Good Girl, Bad Girl(64)
Evie looks at me hopefully. She doesn’t want to spend another day on her own. Loneliness is not something I associate with Evie because she lives so completely in her head and makes no attempt to befriend people or socialize. Even so, I don’t want her spending another day in a creepy old house, going through my things. She should be outside, reintroducing herself to the world, broadening her horizons.
“Can you be ready in fifteen minutes?” I ask.
“I can be ready in five.”
*
Evie comes downstairs dressed in jeans, cowboy boots, a skivvy, and a denim shirt that she’s wearing like a jacket. I have a shirt like that, I think, although I don’t wear it often.
I have to sweep fallen leaves off the windscreen of my red Fiat, which has faded to a mottled pink. Pigeons have crapped all over the bonnet and someone has stuck a flyer beneath the wiper blades, advertising a clearance sale at a carpet showroom. Twice I’ve had towing notices from the local council because neighbors mistook my car for an abandoned vehicle.
“Nice,” says Evie, being facetious.
The engine doesn’t start the first time. I encourage it under my breath. It splutters and coughs like a consumptive smoker before idling so roughly we sway from side to side. I give it a moment to warm up.
“Can you teach me to drive?” asks Evie.
“No.”
“Why not?”
“The bus stop is two minutes from the house.”
“It will make me more independent.”
“You don’t have a car.”
“I could borrow this one.”
“That’s not going to happen.”
She folds her arms and looks out the window as we head along Derby Road past Wollaton Park. It’s early on a Sunday morning and the traffic is light.
“How did Jodie Sheehan die?” asks Evie.
“I can’t talk about the case.”
“Is it a state secret?”
“No.”
“Well then?”
I don’t respond.
“I’ve watched the interviews,” she says. “I know she was hit from behind.”
“You have to stop going through my stuff.”
Evie doesn’t reply. Instead she props her cowboy boots on the dashboard, above the glove compartment. We’re heading along Abbey Street, past the Priory Church, and onto Castle Boulevard, passing south of the city center.
“Does the CD player work?”
“No.”
“What about the radio?”
“I have to hit the right pothole.”
She sighs in disgust.
“The postmortem wasn’t definitive,” I say, answering her first question. “The pathologist couldn’t decide if she drowned or died of exposure.”
“Farley said he didn’t rape her,” says Evie, “but even if he whacked off into her hair it was a pretty sick act. A guy like that deserves to be locked up, you know, but I guess that doesn’t prove he killed her.”
“An innocent man would have tried to help her.”
“Sometimes we don’t have a choice.”
The statement rattles something inside me and I picture Terry Boland strapped to a chair having acid poured into his ears, while Evie listened to his screams.
I find a metered parking spot in the entertainment quarter of Nottingham and tell Evie to wait in the car.
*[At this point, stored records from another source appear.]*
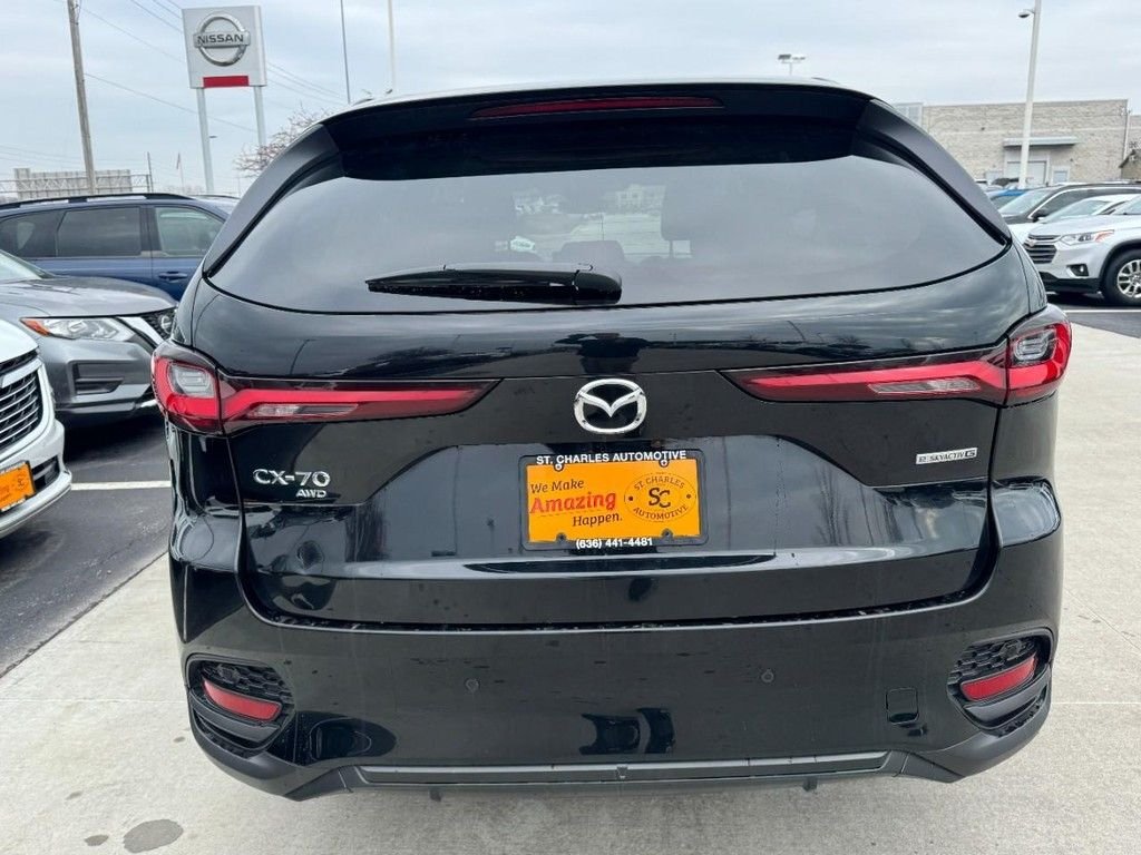 CARFAX One-Owner. Jet Black Mica 2025 Mazda CX-70 4D Sport Utility 3.3 Turbo Preferred I6 Turbo AWD 8-Speed Automatic Clean CARFAX. We Make AMAZING Happen at St. Charles Nissan. Serving the St. Charles County and St. Louis Metro area since 1979! New, Used, and Certified Vehicles Advertised Price does not include dealer installed accessories. Prices do not include additional fees and costs of closing, including destination fee, government fees and taxes, any finance charges, $620 administration fee, any emissions testing fees or other fees. Contact dealer for most current information. *Pictures, options and mileage are deemed reliable, but not guaranteed. All rebates and discounts have been deducted from sale price including destination to meet the requirements of the manufacturer. Low Price Promise!! Stop in today to find out why your friends and neighbors buy thousands of cars from us each year! *Customers may not qualify for all rebates used in determining sale price. Must finance through Nissan Motor Finance for special APR & some incentive programs. We carry the largest Nissan inventory in the state of Missouri and back up our commitment to offer the greatest selection and purchasing convenience to our customers. You will find no dealer mark-ups or addendums to the manufacturer's sticker prices here. We mean it when we say & No Gimmicks - No Games! We attempt to make your buying experience straight-forward. St. Charles Nissan is not responsible for any errors on vehicle options. At St. Charles Nissan, the #1 volume Nissan dealership in Missouri for 2024, you’ll find the largest selection of new and used cars for sale near you—with best prices, fast financing, and top trade-in values.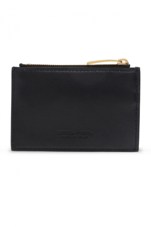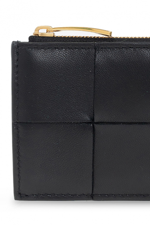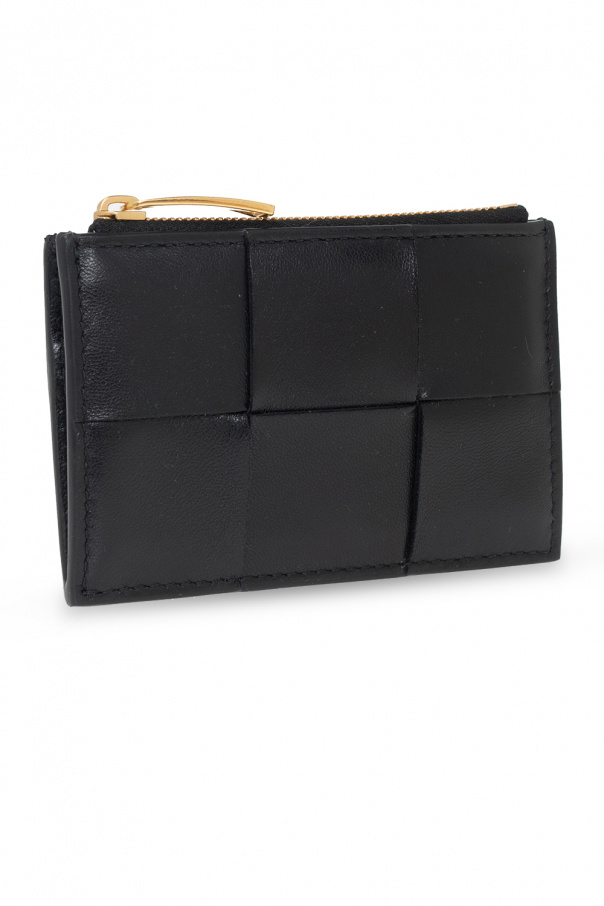 Black key holder from Bottega Veneta. Crafted from lamb leather and calf leather, this item showcases the brand's signature ‘Intreccio’ weave, gold-tone metal hardware and a key ring.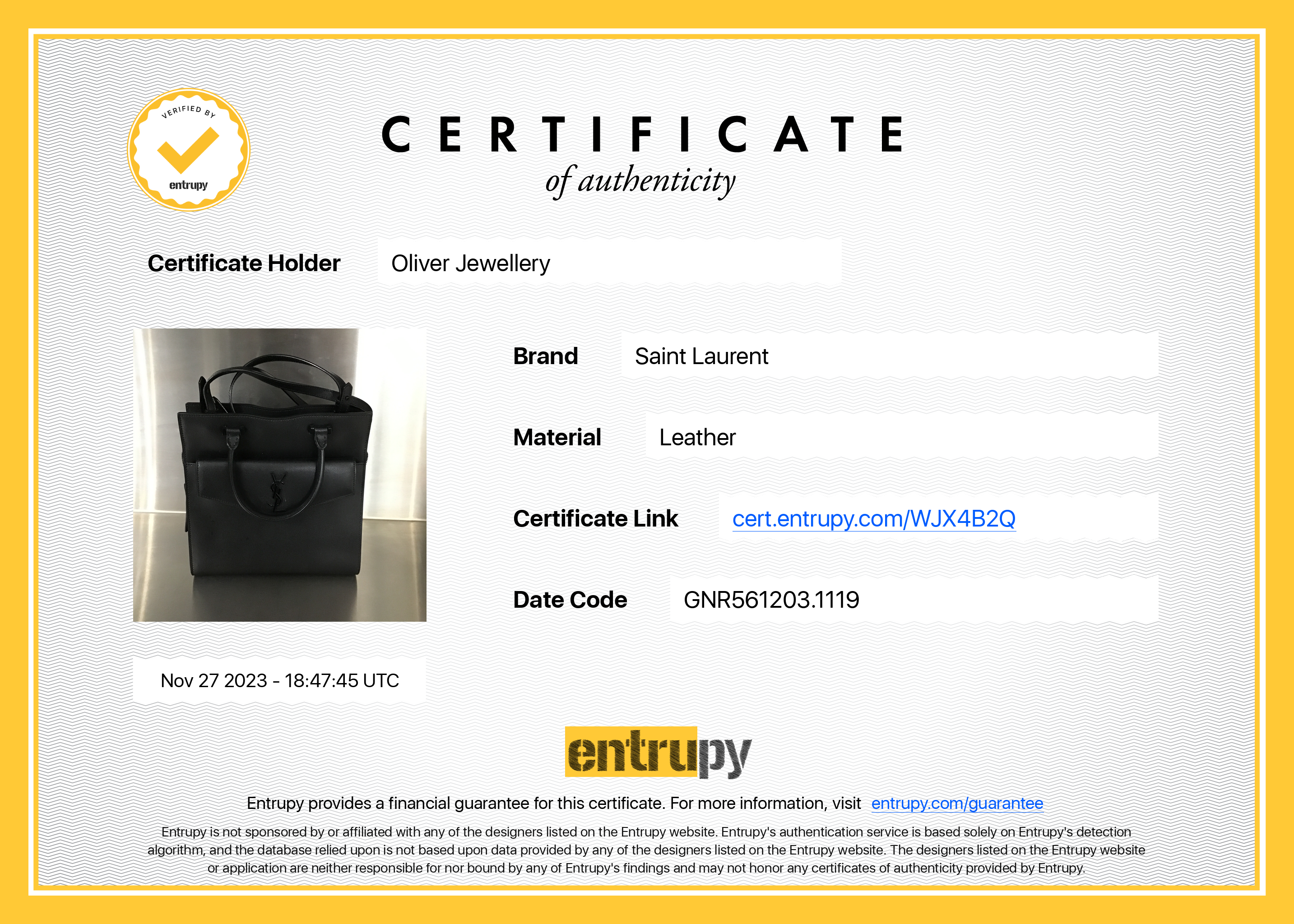 Dust Bag, Insert, Receipt, Entrup Certificate of Authenticity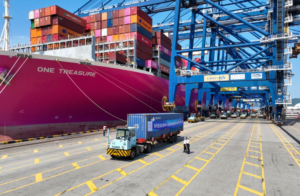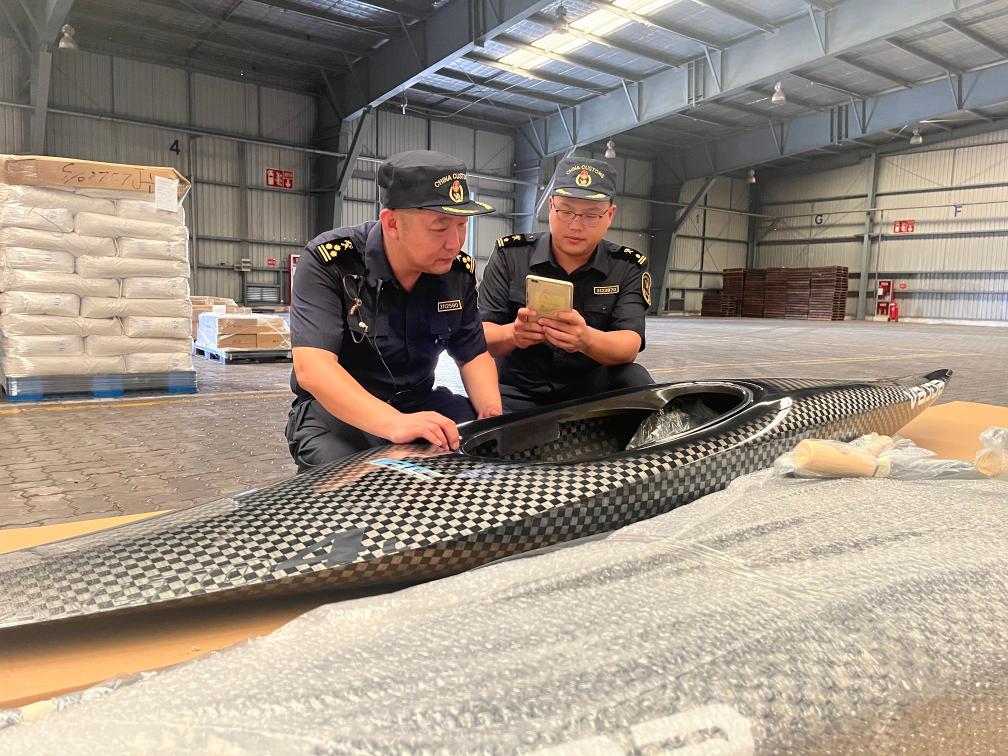 宁波海关所属大榭海关关员对首票ATA单证进境亚运物资开展监装监卸。新华社发 向恋梅 摄
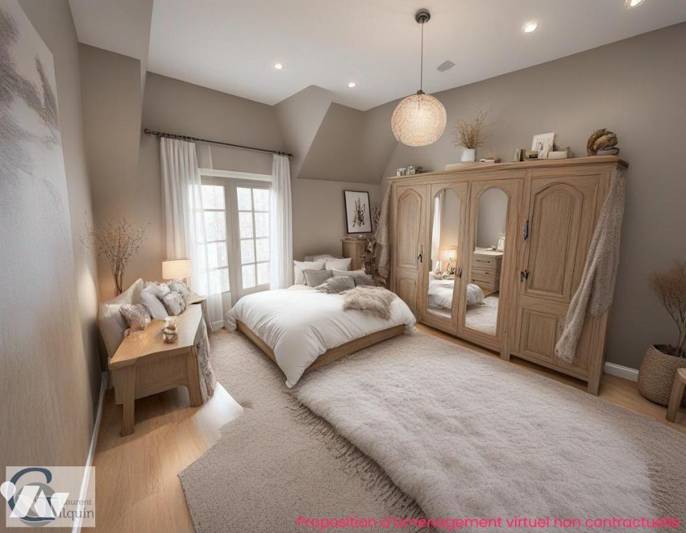 L'étage est composé d'un palier desservant deux chambres et une salle de douche avec wc.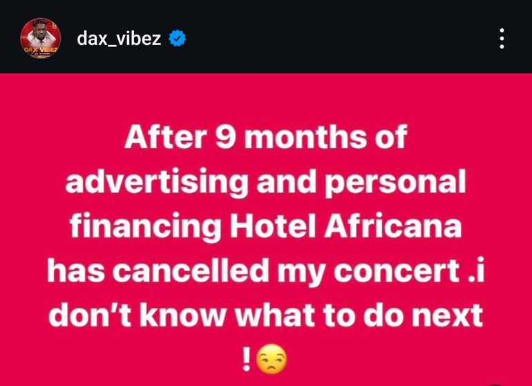Dax Vibez has announced that his concert which was slated for August 29 has been cancelled.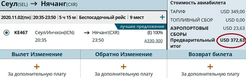 Korean Air также совершает по одному ежедневному авиаперелету, но, в отличие от вьетнамского оператора, лайнеры летают поздно вечером, что не очень удобно. К недостаткам данной авиакомпании могу отнести и высокую стоимость билетов: в одну сторону обойдутся от 27500 ₽ (373 $), туда-обратно — от 46000 ₽ (622 $). Удешевить полет за счет багажа не удастся, так как провоз чемодана весом 23 кг уже включен в минимальные тарифы. Бизнес-класс — от 77500 ₽ (1055 $).
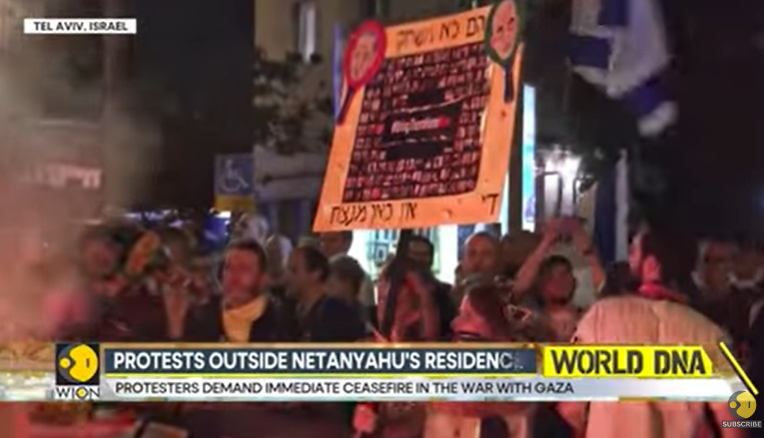 Többek "állítsátok meg a háborút”, illetve "crime miniszter” feliratú táblákkal vonultak Tel-Aviv főutcáján. A Demokrácia terén néhány tüntető vörösre festve feküdt a földön, tiltakozva az ország demokráciájának a hanyatlása ellen. Az izraeli belbiztonsági ügynökség, a Sin Bét volt vezetője beszédében Izrael legrosszabb miniszterelnökének nevezte Netanjahut. (Az MTI nyomán)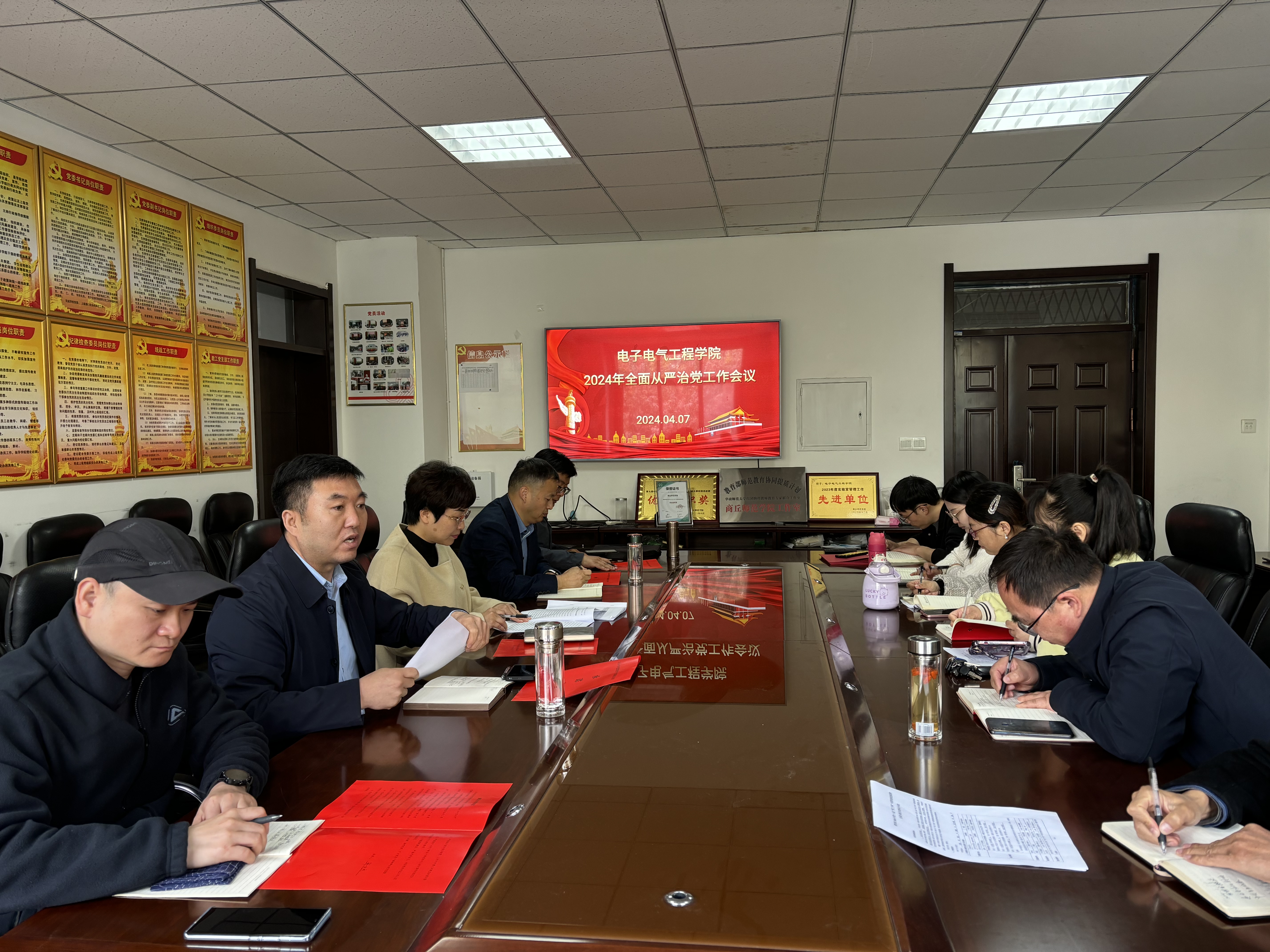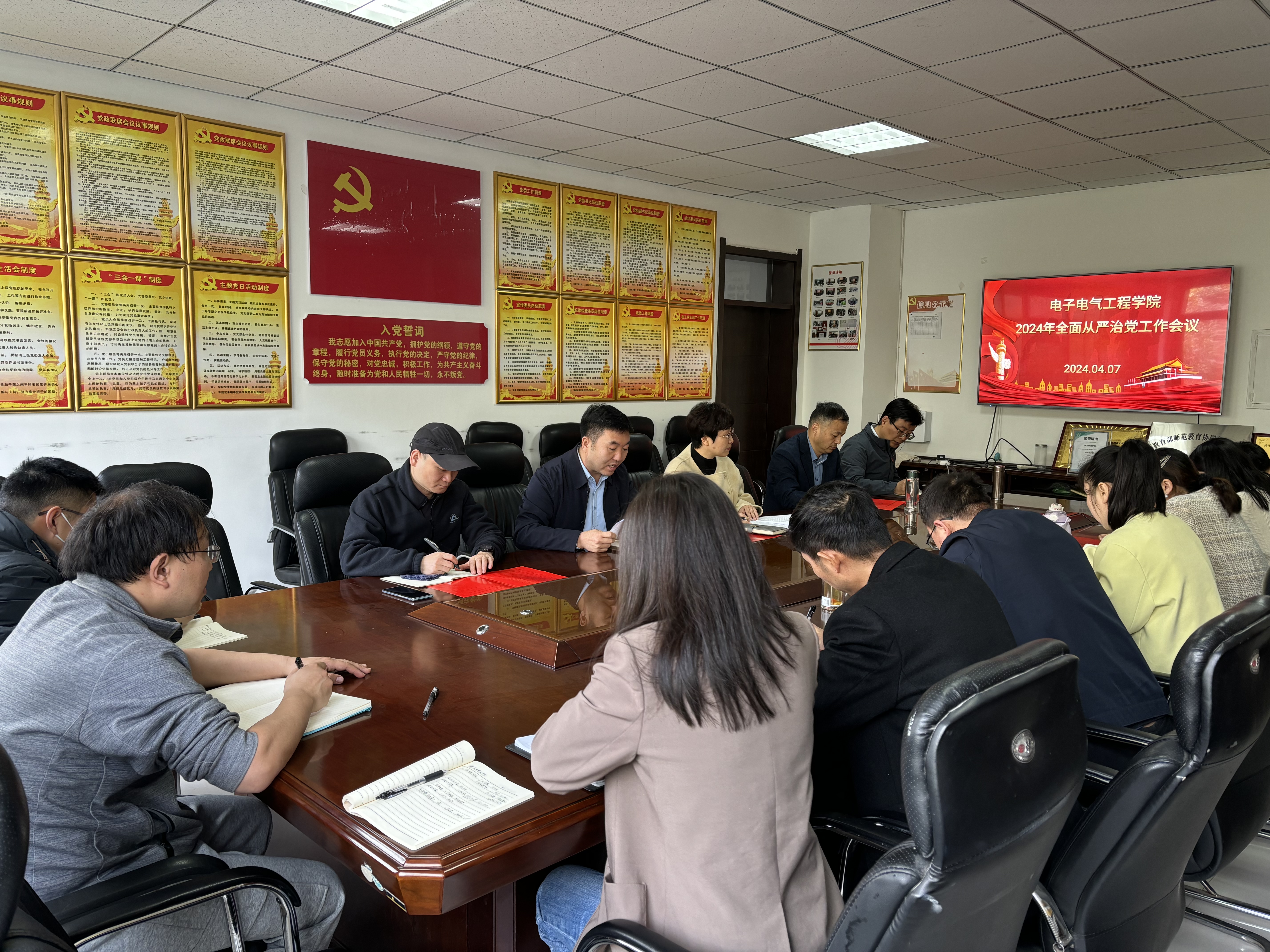 4月7日,公司在睢阳校区物电楼206召开2024年全面从严治党工作会议。公司科级及以上干部、系主任、全体辅导员参加会议。公司党委副书记、纪检委员蒋玉涛主持会议。

“It’s cold. Can’t I come with you?”
“OK. But stay out of trouble.”
She joins me on the footpath, pulling up her collar and pocketing her hands. As we reach the corner, two young backpackers cross our path—a girl and a boy in their early twenties, who are talking excitedly in a different language. The girl laughs and calls the boy something. Evie stops and turns. For a moment I think she’s going to respond, but instead she watches the couple walk away.
“What made you turn around?” I ask.
“Nothing.”
“Was it something she said?”
“No.”
“She sounded Russian or Polish. Did you understand her?”
“No.”
“What then?”
“She looked familiar,” says Evie, and I don’t know whether to believe her or not. That’s the trouble with Evie. I risk reading clues into everything she does. Actions. Inactions. Silences. Shrugs.
We’re crossing Bolero Square to the National Ice Centre, a twin stadium building made of metal and glass. Pushing through the revolving doors, we step into a cavernous foyer dominated by a forty-foot-high poster montage celebrating British skating champions past and present.
A woman at the front desk looks up at Evie.
“Are you here for the academy trials?”
She doesn’t wait for an answer.
“Fill out this form. The changing rooms are through there. Don’t put your skates on until you’re on the ice.”
“She’s not a skater,” I explain. “I’m here to see Bryan Whitaker.”
“He’s coaching.”
“I can wait.”
Evie and I follow signs to an amphitheater the size of a concert hall with tiered seating on all sides, rising into darkness at the higher levels. The rink itself seems to glow from within, taking on a bluish tinge. A dozen skaters are warming up, gliding across the ice in graceful movements that look so effortless that a mere flick of their fingers sends them pirouetting or skating backwards. One of them accelerates, leaps, and spins, landing on a single blade, arms outstretched and back arched.